Nuphar microphylla is a perennial, rhizomatous, aquatic herb found in North America. It is listed as a special concern and believed extirpated in Connecticut.

==Description==
===Vegetative characteristics===
Nuphar microphylla is a perennial, rhizomatous, aquatic herb with 1–2 cm wide rhizomes. The ovate to broadly elliptic, 3.5–10(–13) cm long, and 3.5–7.5(–8.5) cm wide floating leaves have a deep sinus. The abaxial leaf surface is often purple. The leaf venation is pinnate.

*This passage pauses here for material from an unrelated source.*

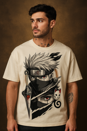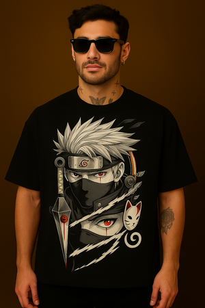 Step into the world of shinobi with our Naruto-inspired oversized t-shirt, crafted from premium 240 GSM French Terry cotton for unmatched comfort and durability. Featuring a bold, high-definition Kakashi Hatake artwork with striking kunai, Sharingan eye, and ANBU mask details, this tee is a must-have for anime enthusiasts. Designed for a relaxed streetwear fit, it combines Japanese anime aesthetics with modern oversized fashion.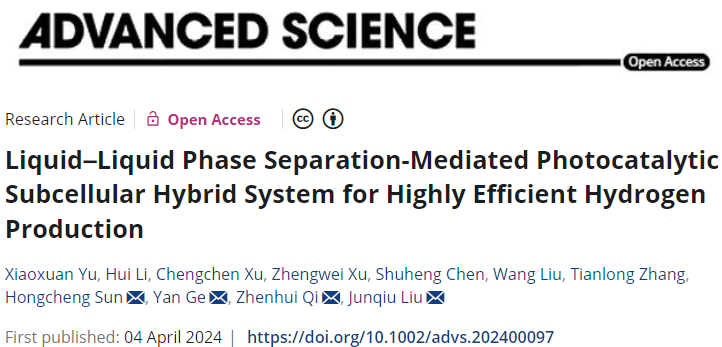 近日,大师兄影视 刘俊秋教授团队在生物光催化领域取得新进展,相关研究成果以题为“Liquid-Liquid Phase separation-Mediated Photocatalytic Subcellular Hybrid system for Highly Efficient Hydrogen Production”发表干国际知名期刊 Advanced Science(IF=16.7)上。

===Generative characteristics===
The small, yellow to green, 1–2 cm wide flowers float on the water surface. The red stigmatic disks are 2.5–7 mm wide.

==Cytology==
The chromosome count is 2n = 34.

==Taxonomy==
It was first published as Nymphaea microphylla by Christiaan Hendrik Persoon in 1806. It was placed into the genus Nuphar as Nuphar microphylla published by Merritt Lyndon Fernald in 1917. It is placed in the section Nuphar sect. Nuphar. It is a parent species of the natural hybrid Nuphar × rubrodisca

===Etymology===
The specific epithet microphylla means small-leaved.

==Ecology==
===Habitat===
It occurs in ponds, marshes, and lakes.

==Conservation==
It is endangered in the US-american states Pennsylvania, Michigan, Massachusetts, and New Hampshire. It is susceptible to pollution, e.g., by herbicides meant to combat invasive weeds. It is also threatened by invasive plants.